▶ **COLLECTED DATA**:
::::::
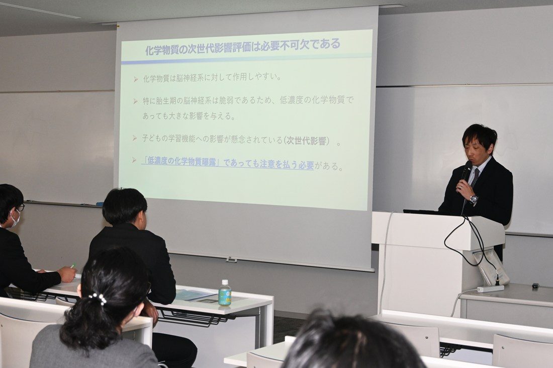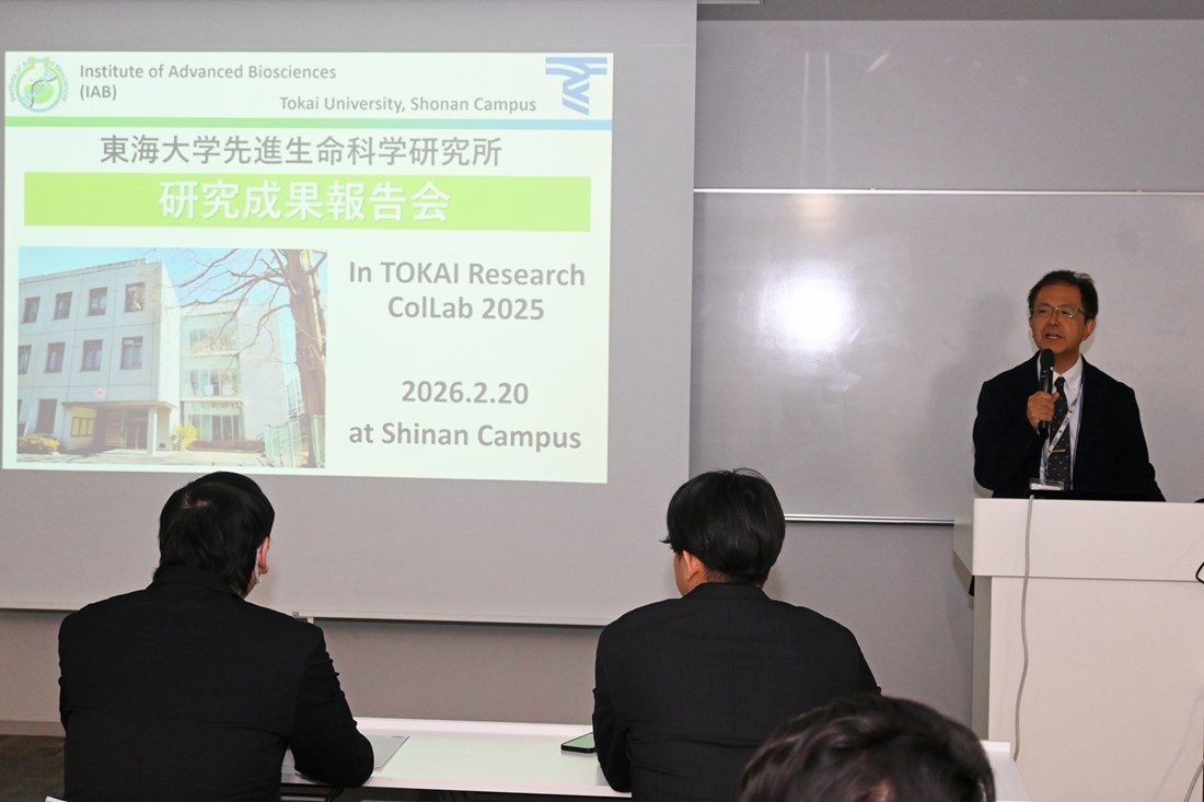 また、先進生命科学研究所による「研究プロジェクト成果報告会」では、岩岡道夫所長(理学部教授)が学部学科横断型の研究活動を紹介。所属する理学部化学科の小口真一教授と関根嘉香教授、農学部の米田一成教授が登壇し、自身が取り組む研究の概要や学外機関との連携事例について解説しました。学園の教員を対象に競争的研究資金の獲得を目指す研究を公募して育成・複数年の研究費支援を行う「総合研究機構プロジェクト研究」の成果発表会では、3年間の採択期間を終える2課題について発表。医学部の遠藤整准教授と森屋宏美准教授が登壇。プロジェクト研究の支援を受けて取り組んだ研究を振り返り、成果や課題、今後の展望などを語りました。
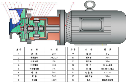 CQ型為輕型,其組成部分配置很低,軸承止推盤為石墨材料,不耐磨,使用壽命短,磁材為鐵氧體,磁性較弱,對(duì)比重大的介質(zhì)無(wú)法使用。
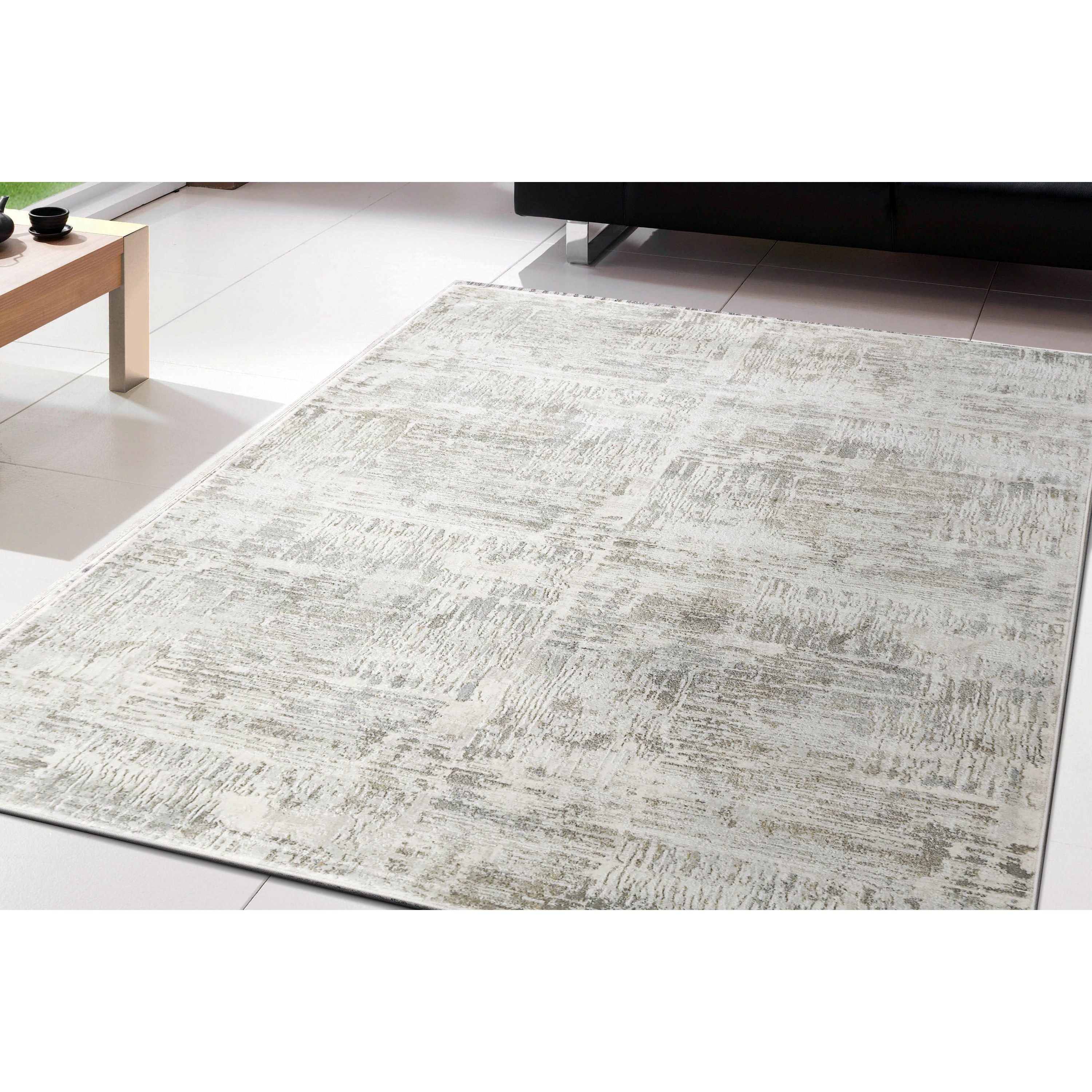 exquisite Castilla 3555 Ivory Grey rug, a stunning blend of shrink polyester and polypropylene crafted with precision in Turkey. This machine-made masterpiece boasts tightly packed fibers that offer a luxurious density to the touch and a mesmerizing shimmering sheen to the eye.
::::::
▶ **THE PROBLEM**: Return, exactly as they stand, the lines from the opening line of the listing through the line with "CQ型為輕型,其組成部分配置", both ends counted, and no pictures.

▶ **SOLUTION TO THIS EXERCISE**:
 また、先進生命科学研究所による「研究プロジェクト成果報告会」では、岩岡道夫所長(理学部教授)が学部学科横断型の研究活動を紹介。所属する理学部化学科の小口真一教授と関根嘉香教授、農学部の米田一成教授が登壇し、自身が取り組む研究の概要や学外機関との連携事例について解説しました。学園の教員を対象に競争的研究資金の獲得を目指す研究を公募して育成・複数年の研究費支援を行う「総合研究機構プロジェクト研究」の成果発表会では、3年間の採択期間を終える2課題について発表。医学部の遠藤整准教授と森屋宏美准教授が登壇。プロジェクト研究の支援を受けて取り組んだ研究を振り返り、成果や課題、今後の展望などを語りました。
 CQ型為輕型,其組成部分配置很低,軸承止推盤為石墨材料,不耐磨,使用壽命短,磁材為鐵氧體,磁性較弱,對(duì)比重大的介質(zhì)無(wú)法使用。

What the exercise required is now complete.